At 44, the "White Buffalo" is well past his prime. After 60 professional fights, even the twilight years are long gone.

His pot belly displays the afterglow of numerous Castle lagers and hearty South African steaks.

But this former boxing champion has taken shots from some of the best - Mike Tyson, Lennox Lewis, Evander Holyfield, just to cite a few. And, for that reason, Botha feels Kiwi rugby/league star Sonny Bill Williams is not in his league. Not even close.

Williams is, apparently, set for a beating on November 21 in Durban.

"I see Sonny Bill getting knocked out, legs shaking on the floor and lips trembling," Botha told Sunday News.

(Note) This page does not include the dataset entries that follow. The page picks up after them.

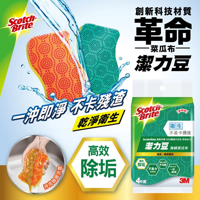 3M SDTU-2M 潔力豆海綿菜瓜布(爐具/鍋具專用) 2片裝 / SDOU-2M 潔力豆海綿菜瓜布(餐具/不沾鍋專用
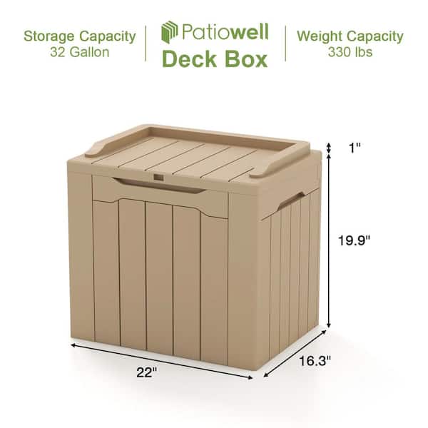 32 Gal. Wood-Grain Deck Box with Seat, Outdoor Lockable Storage Box for Patio Furniture in Light Brown (2-Pack)
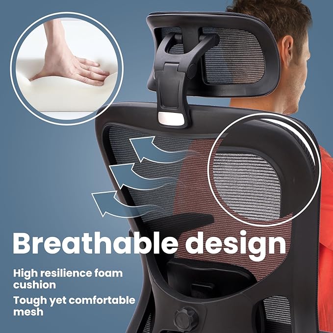 Ergonomic Office Mesh Chair, High Back Swivel Comfty Desk Chairs- 3D Armrest Adjustable Lumbar Support Capacity 400lbs and Headrest Wide for Home & Office, Bedroom (Black)

His arrogance is borne from experience.

Botha's headline fights in the 1990s contributed to substantial career earnings that even Williams cannot yet match.

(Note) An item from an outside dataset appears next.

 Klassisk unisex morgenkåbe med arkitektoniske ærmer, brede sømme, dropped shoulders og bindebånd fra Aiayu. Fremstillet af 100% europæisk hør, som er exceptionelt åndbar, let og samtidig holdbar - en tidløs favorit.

"I'm looking at more than $10 million," Botha said.

"Once you establish yourself in boxing, then the big fights come. Then you can make a huge amount of money."

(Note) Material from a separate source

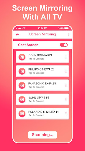 Screen Mirroring: Connect Mobile to TV App will assist you to scan and mirror your android phone or tab's screen on smart TV/Display (mira cast enabled) or Wireless dongles or adapters.

It's no wonder he is a well-known, if not renowned, heavyweight.

In his heyday, when the division of giants had a strong pulse, Botha claimed the IBF title in 1995 with victory over German Axel Schulz, only to be stripped of the crown for steroid use. At that point he was 36-0.

The fight with Tyson in 1999 remains his fondest memory, despite being knocked out in the fifth round by an electrifying right hand.

Botha was Tyson's first opponent after returning from his 19-month exile for biting Holyfield's ear.

"The Mike Tyson fight always stands out. Everybody will always remember Tyson. He had knocked out everybody. No one gave me a shot of lasting five minutes."

Since then, Botha has experienced four brutal years of mixed martial arts in Japan, where he suffered a broken leg, before returning to his traditional trade.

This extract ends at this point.